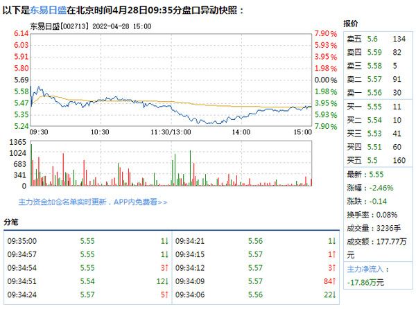 新浪家居讯 4月28日,东易日盛盘中快速反弹,5分钟内涨幅超过2%,截至9点35分,报5.55元,成交177.77万元,换手率0.08%。
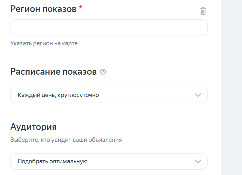 Выберите регион показа рекламы, можно указать район на карте, задав показы рекламы в соответствии выделенной областью на карте.
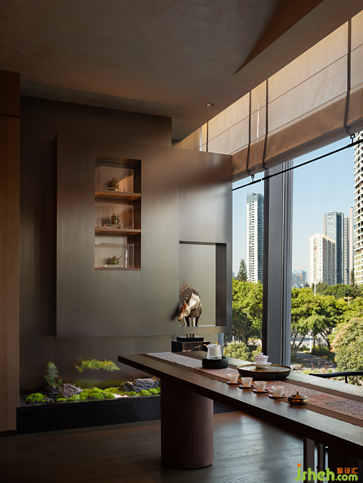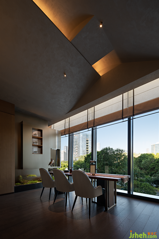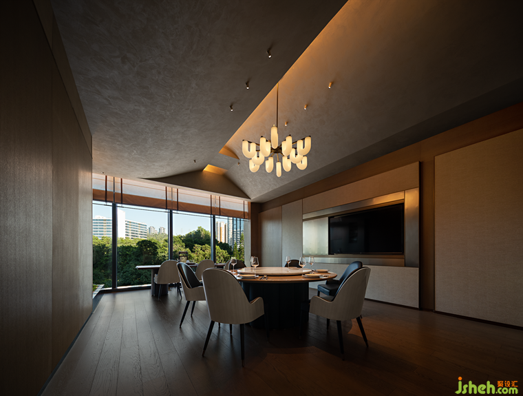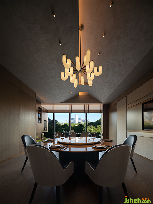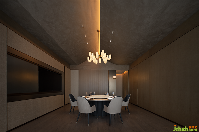 “銀箏夜”主題包間以古銀為主色調(diào),潮菜餐廳設(shè)計師將青銅器和銀的質(zhì)感相結(jié)合,為墻面與藝術(shù)燈具增添濃郁的金屬質(zhì)感氣息。 青銅器在古時被稱為"金"或"吉金",是崇高的禮器,亦是聲譽(yù)極盛的藝術(shù)寶藏。 泠泠銀箏通古意,錚錚余弦曉詩情。 設(shè)計師將銀與青銅融入空間,給予客人最頂級的禮遇與款待。The private room named "Silver Zither Night" revolves around the theme of ancient silver, with the designer artfully blending the textures of bronze and silver to imbue the walls and art lamps with a luxurious metallic ambiance. In ancient times, bronze was revered as a noble ceremonial weapon and an esteemed artistic treasure, known as "Jin" or "Jijin". The resonating melodies of the silver zither hold profound significance, and the poetic emotiveness lies within the harmonious vibrations of its strings. By integrating silver and bronze elements into the space, the designer bestows upon the guests the utmost level of courtesy and hospitality.
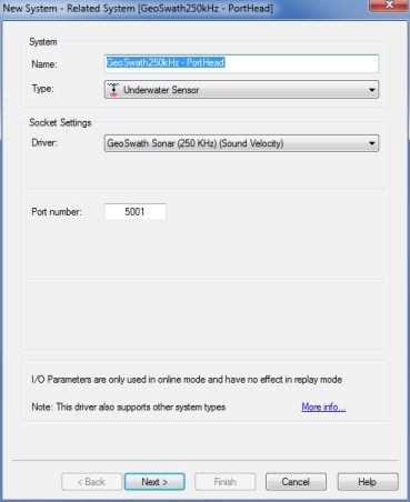 First add an Underwater sensor "GeoSwath Sonar (xxx KHz) (Sound Velocity)" in order to decode the sound velocity, with xxx the frequency of your Geoswath system; select port number 5001.
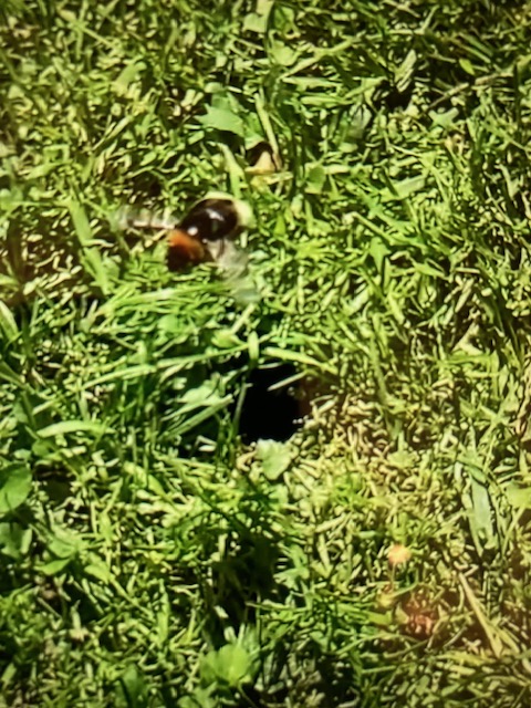 Bumble Bee hole in the lawn. Photo Mick Burton, continuous line artist.
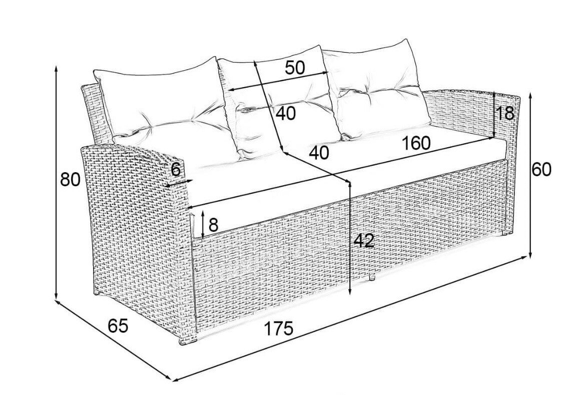 Trīsvietīgs dīvāns: platums 175 cm; dziļums 65 cm; augstums 80 cm;
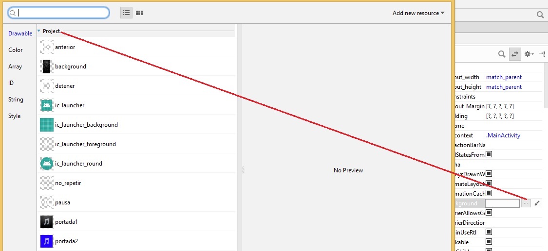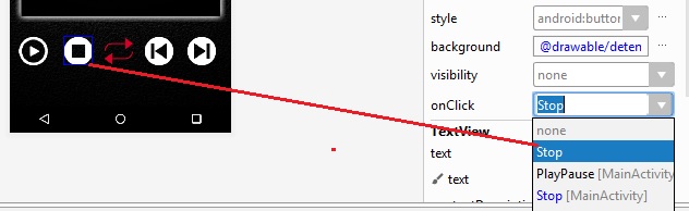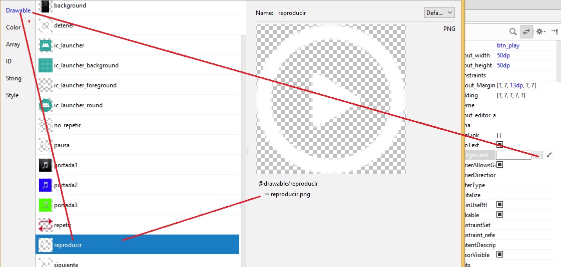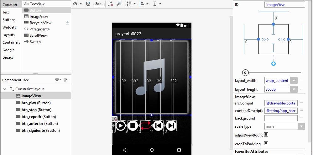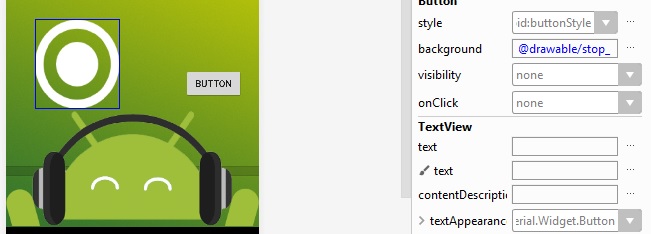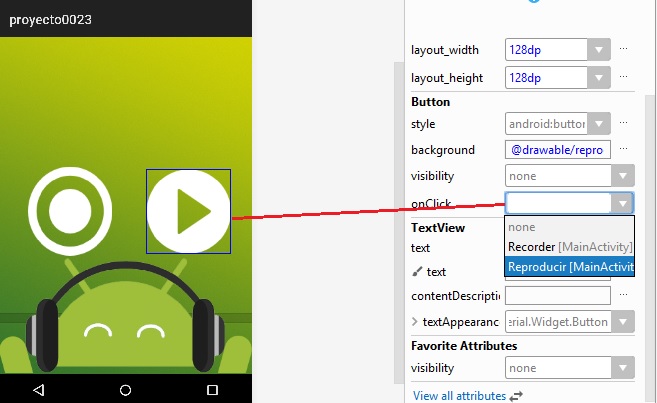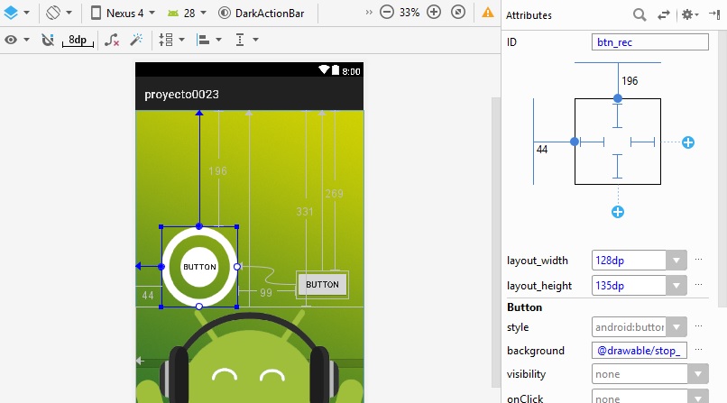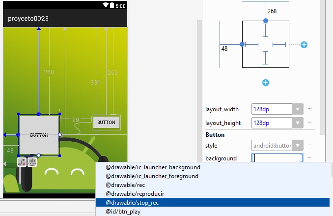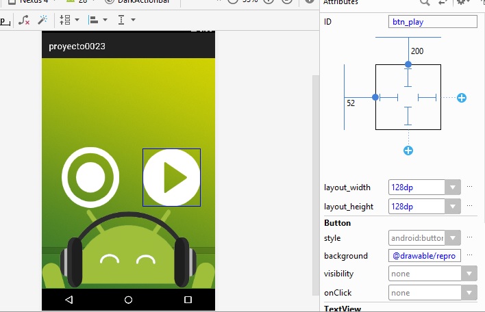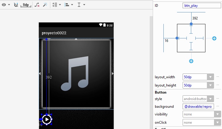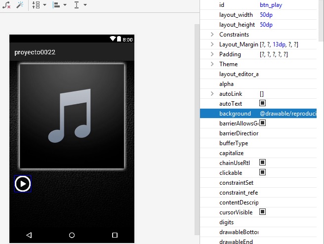 layout_height a 128dp, y al botón btn_play, se agrega la imagen en
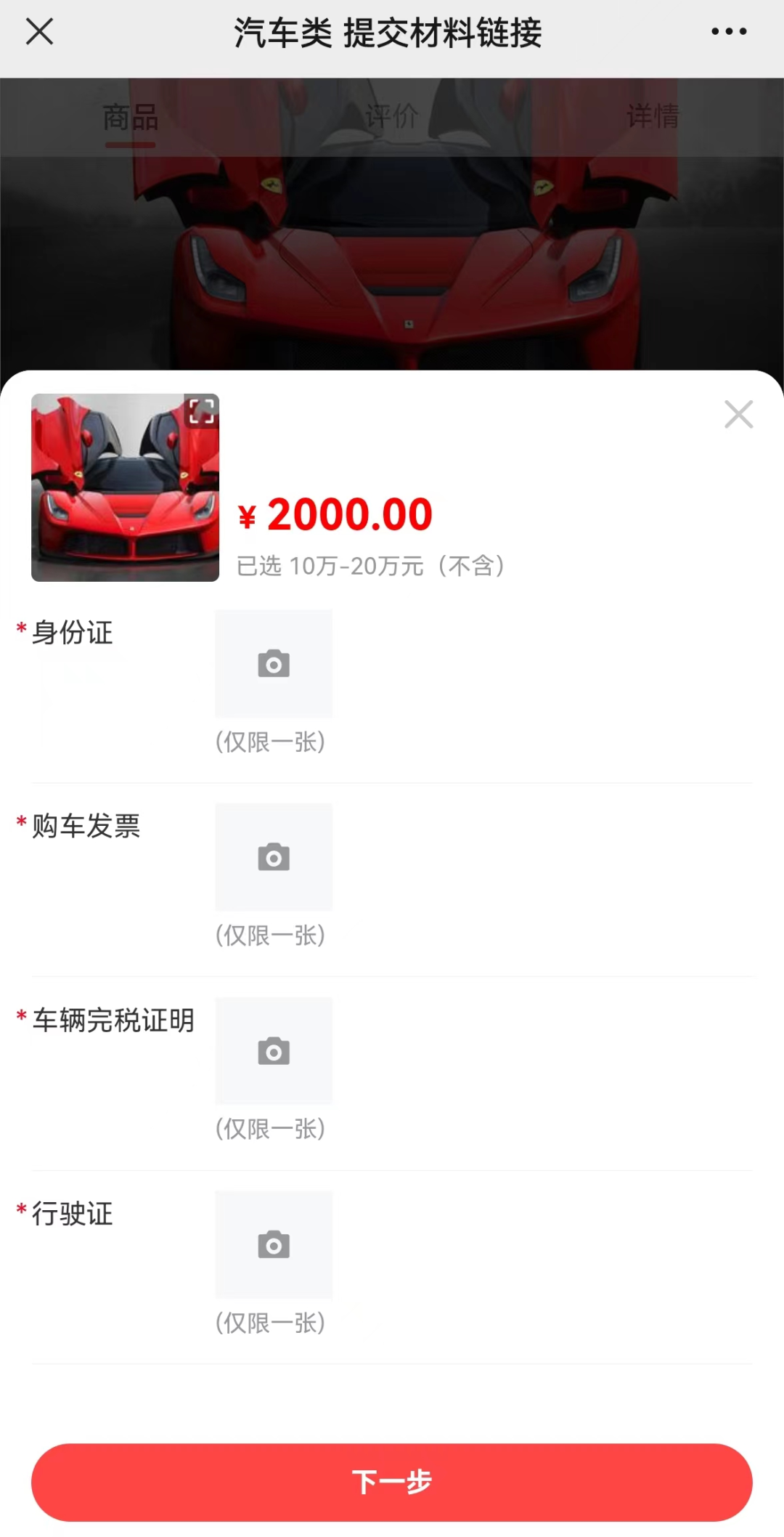 2、按照票面金額(不含稅價(jià))選取車(chē)價(jià)區(qū)間,填寫(xiě)手機(jī)號(hào)碼、姓名,上傳身份證照片、購(gòu)車(chē)發(fā)票照片、車(chē)輛完稅證明照片、行駛證照片,點(diǎn)擊“下一步”。
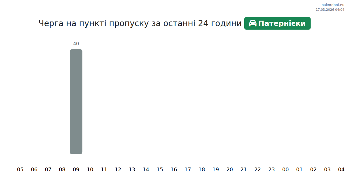 На пункті Патернієки час очікування для легкових авто становить від 15 до 415 хвилин. Уникайте пікових годин о 13:00, 14:00 та 07:00, щоб не стояти в черзі. Найкращий час для перетину кордону — 15:00, 16:00 та 17:00.
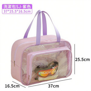 ins风化妆包洗漱包便携防水手提透明PU磨砂洗浴游泳收纳袋大容量
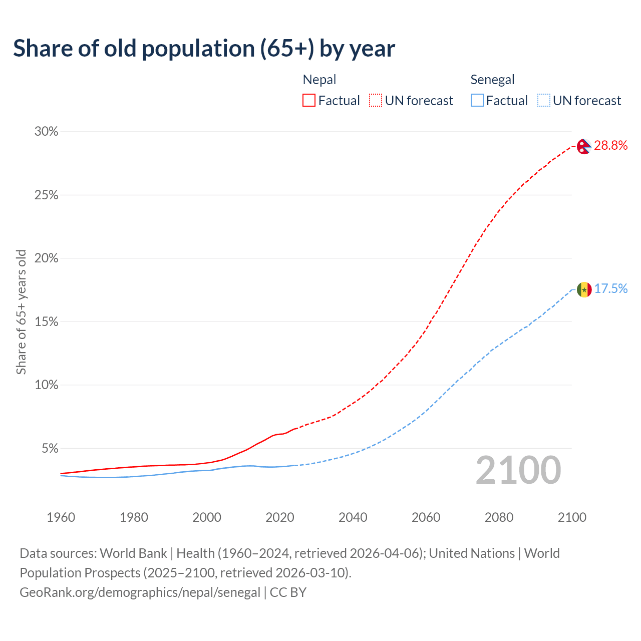 The share of older people aged 65 and over is 6.5% in Nepal and 3.62% in Senegal. Life expectancy in Nepal compared to Senegal .
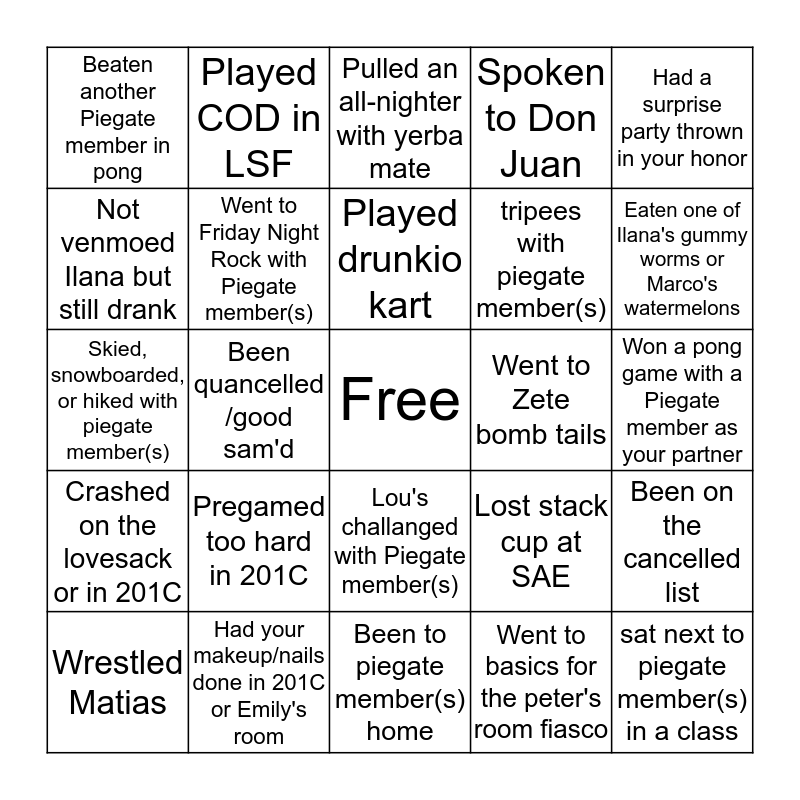 This bingo card has a free space and 24 words: Pregamed too hard in 201C, Had your makeup/nails done in 201C or Emily's room, Played drunkio kart, Wrestled Matias, Had a surprise party thrown in your honor, Beaten another Piegate member in pong, Not venmoed Ilana but still drank, Played COD in LSF, Went to Zete bomb tails, Lou's challanged with Piegate member(s), tripees with piegate member(s), Skied, snowboarded, or hiked with piegate member(s), Lost stack cup at SAE, Been on the cancelled list, Went to Friday Night Rock with Piegate member(s), Went to basics for the peter's room fiasco, Won a pong game with a Piegate member as your partner, Pulled an all-nighter with yerba mate, Eaten one of Ilana's gummy worms or Marco's watermelons, Been quancelled /good sam'd, sat next to piegate member(s) in a class, Crashed on the lovesack or in 201C, Spoken to Don Juan and Been to piegate member(s) home.
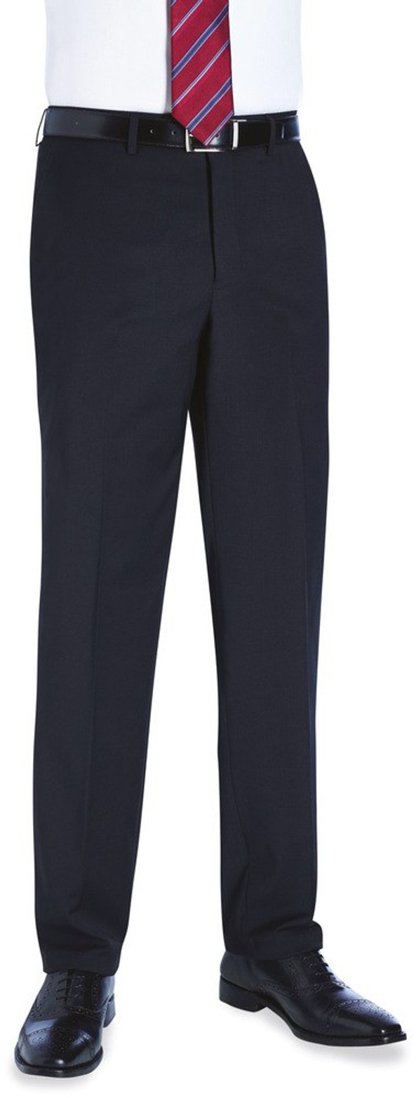 Pantalon sans pinces, coupe ajustée, 2 poches avant, 1 poche arrière (livré en "bas non-terminé" - longueur : 91.5cm).
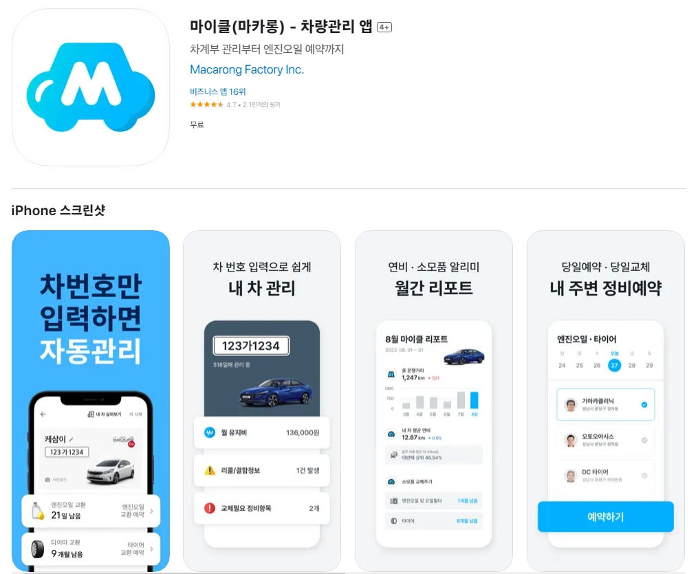 1) 아이폰 마이클(마카롱) - 차량관리 앱 4+ 어플 소개
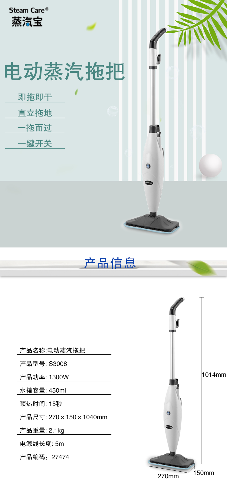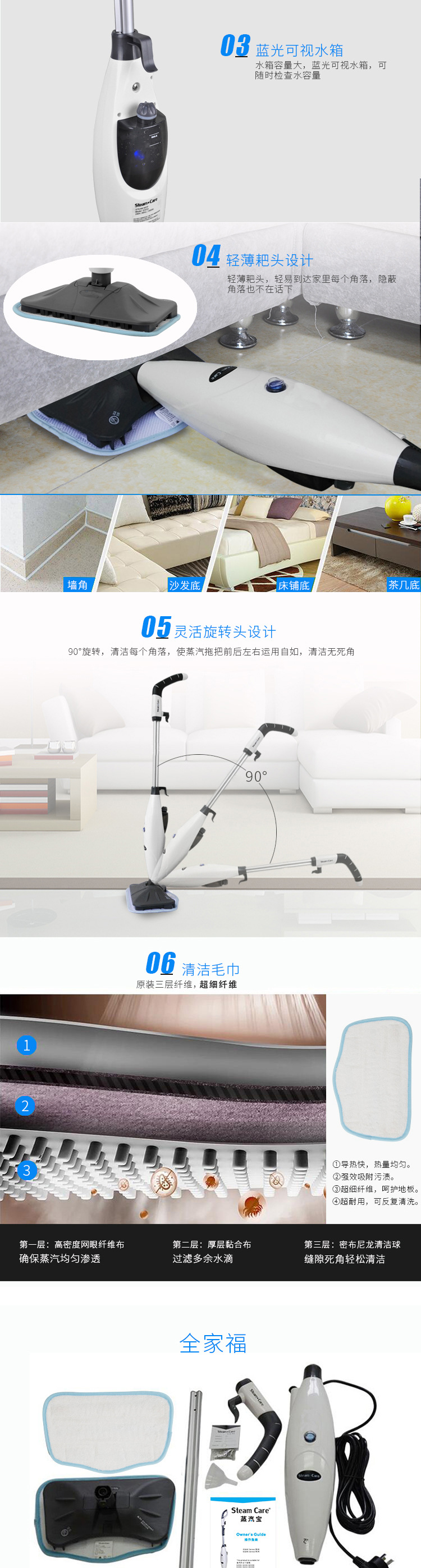 蒸汽宝SteamCare 高温蒸汽拖把 多功能手持拖地机 非无线电动手持清洁机 S3008 27474
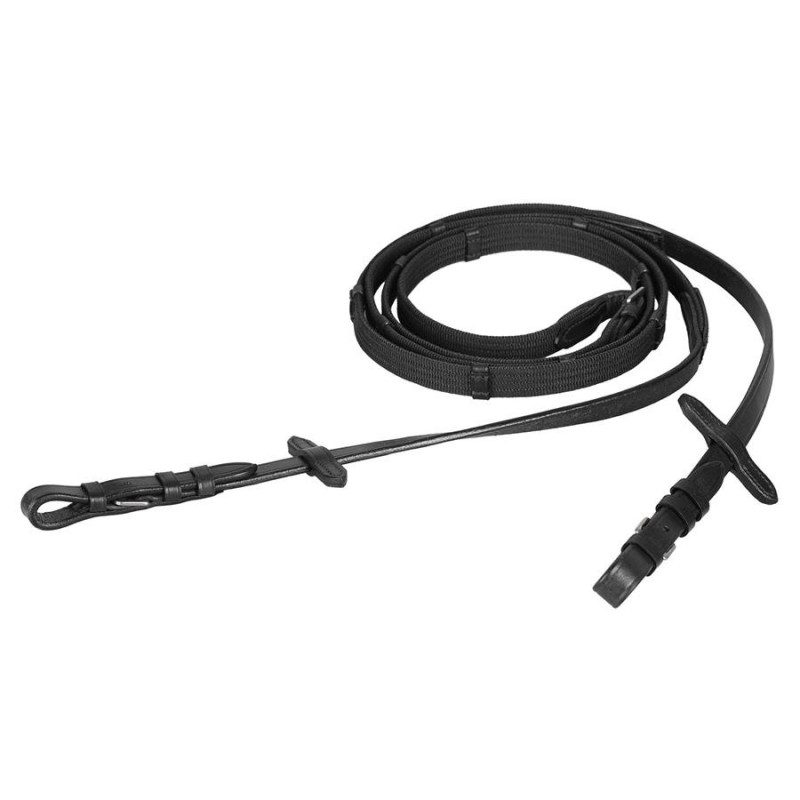 Klasyczne wodze parciane, posiadające skórzane stopery oraz motylki do wytoku. Klasyczne zapięcie na sprzączkę. Elementy metalowe wykonane ze stali nierdzewnej.
= = = = =
▶ TASK TO CARRY OUT:
Can the lines from the start of the records through the line with "Выберите регион показа" be given again exactly, with the pictures left out?

▶ EXERCISE OUTPUT:
 新浪家居讯 4月28日,东易日盛盘中快速反弹,5分钟内涨幅超过2%,截至9点35分,报5.55元,成交177.77万元,换手率0.08%。
 Выберите регион показа рекламы, можно указать район на карте, задав показы рекламы в соответствии выделенной областью на карте.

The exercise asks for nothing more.